■ Your assignment
Output only the lines below from the one holding "A full bib apron" down to the one holding "Red rose - 8", both end lines included and every picture dropped.

■ Data to process
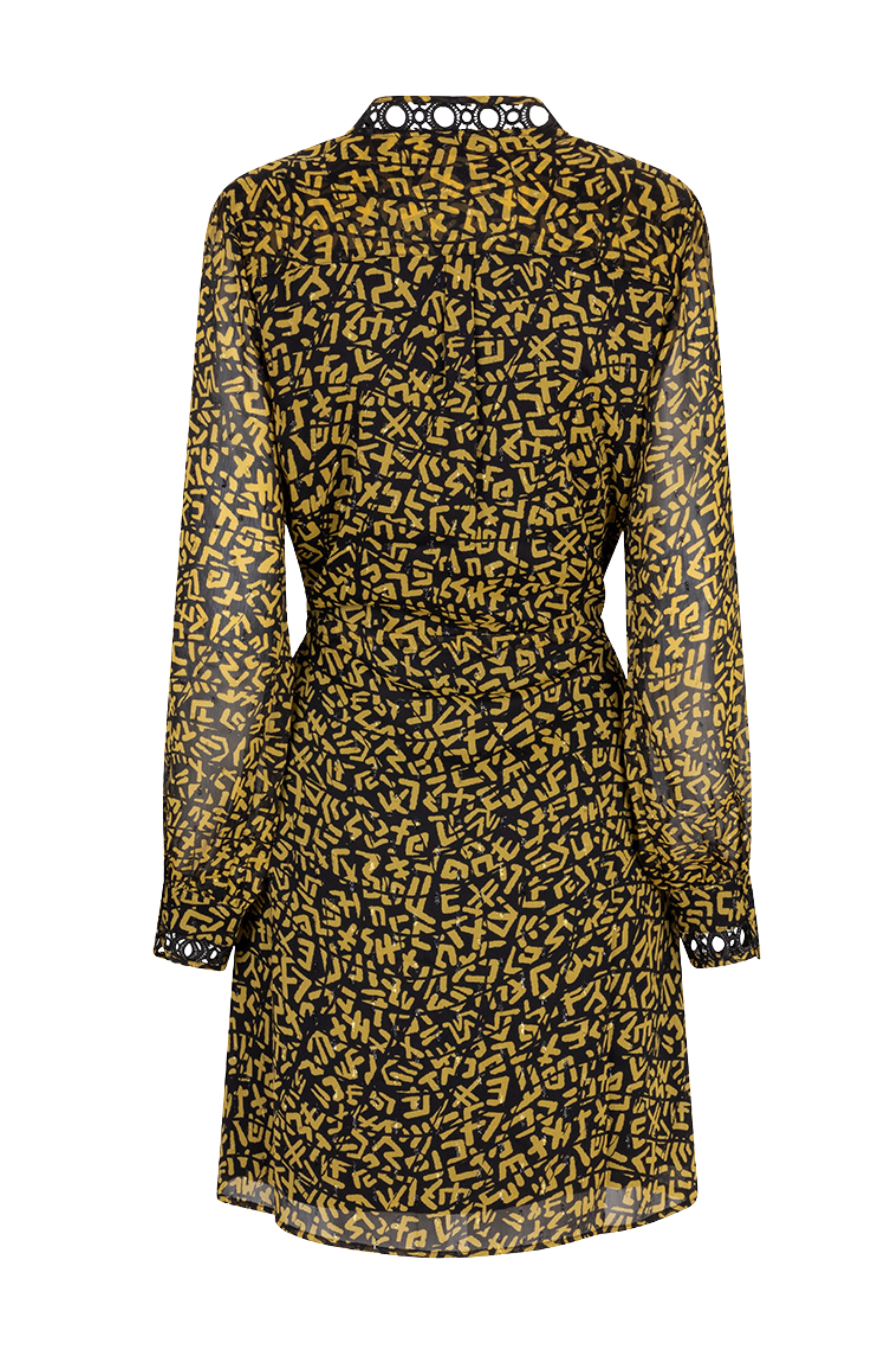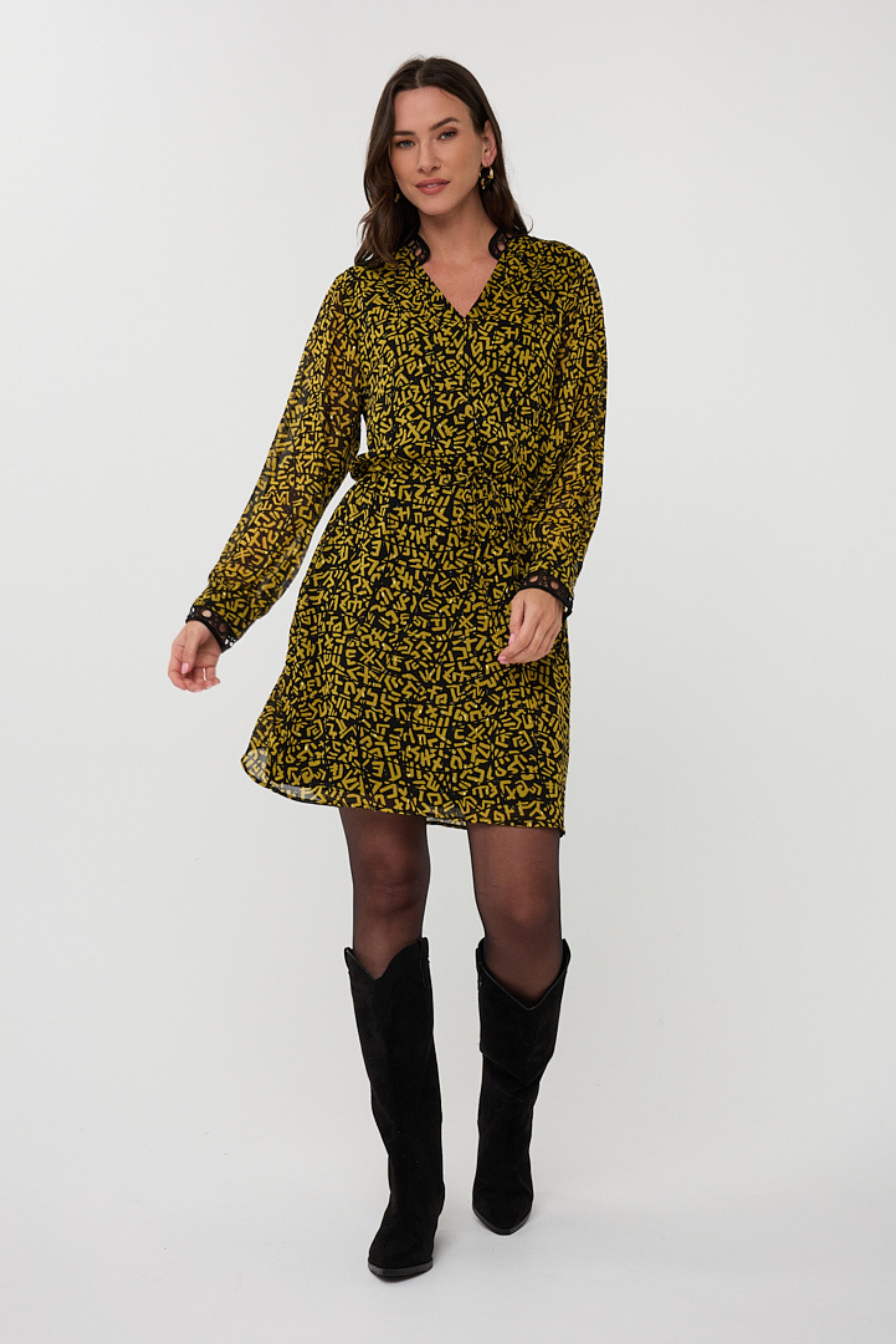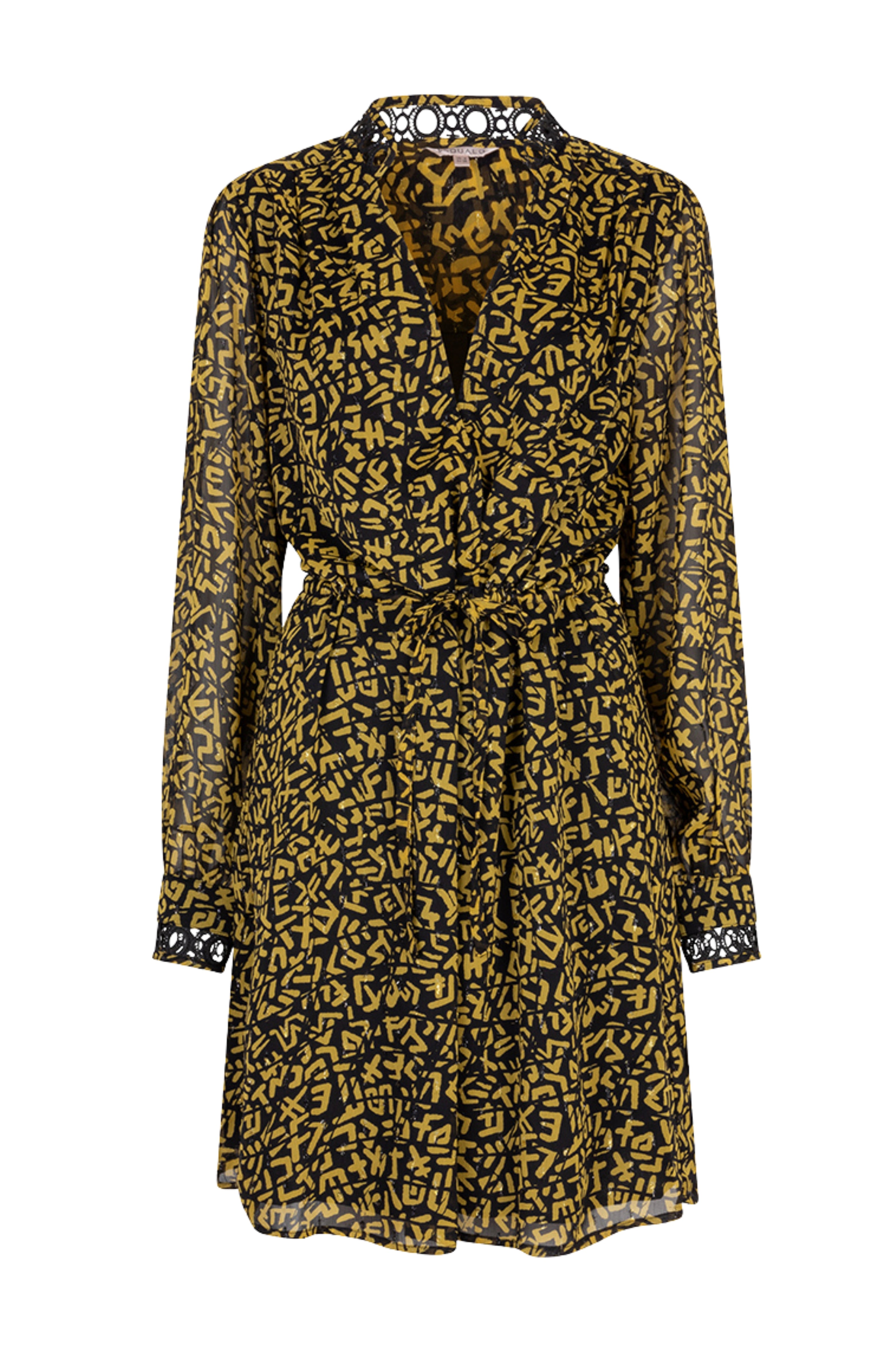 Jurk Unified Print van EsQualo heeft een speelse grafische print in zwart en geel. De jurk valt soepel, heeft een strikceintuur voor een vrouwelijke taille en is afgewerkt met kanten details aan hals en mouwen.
==
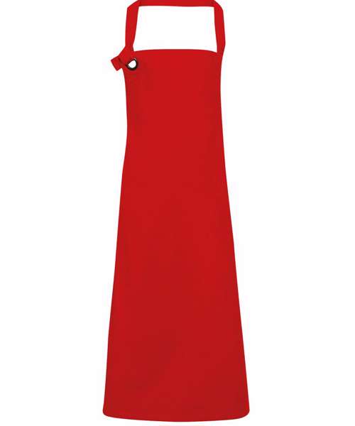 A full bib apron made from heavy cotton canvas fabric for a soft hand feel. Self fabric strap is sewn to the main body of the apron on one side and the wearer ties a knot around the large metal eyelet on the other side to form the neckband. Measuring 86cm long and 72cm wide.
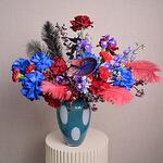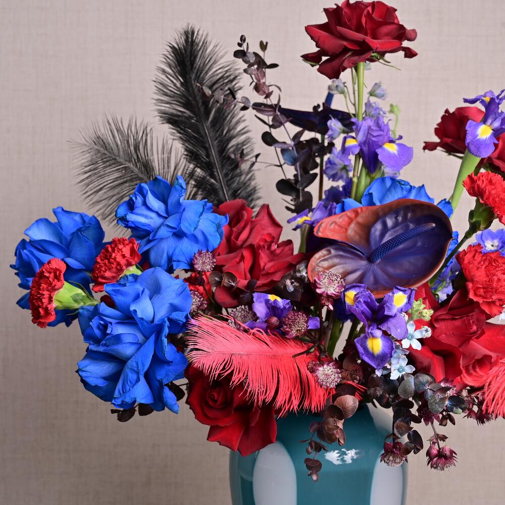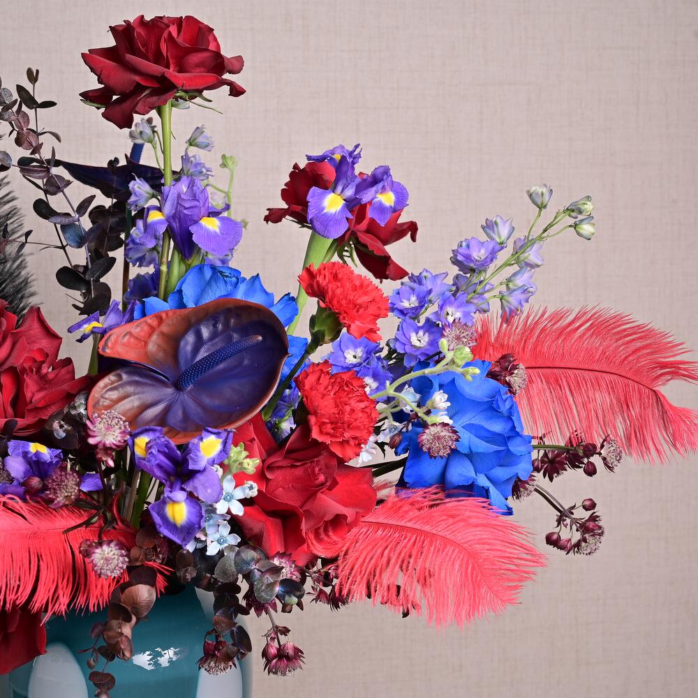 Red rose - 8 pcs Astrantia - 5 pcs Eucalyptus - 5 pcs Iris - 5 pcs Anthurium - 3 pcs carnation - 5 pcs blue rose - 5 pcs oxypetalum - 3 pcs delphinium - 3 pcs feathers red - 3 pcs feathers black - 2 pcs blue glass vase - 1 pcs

■ Result for this task
 A full bib apron made from heavy cotton canvas fabric for a soft hand feel. Self fabric strap is sewn to the main body of the apron on one side and the wearer ties a knot around the large metal eyelet on the other side to form the neckband. Measuring 86cm long and 72cm wide.
 Red rose - 8 pcs Astrantia - 5 pcs Eucalyptus - 5 pcs Iris - 5 pcs Anthurium - 3 pcs carnation - 5 pcs blue rose - 5 pcs oxypetalum - 3 pcs delphinium - 3 pcs feathers red - 3 pcs feathers black - 2 pcs blue glass vase - 1 pcs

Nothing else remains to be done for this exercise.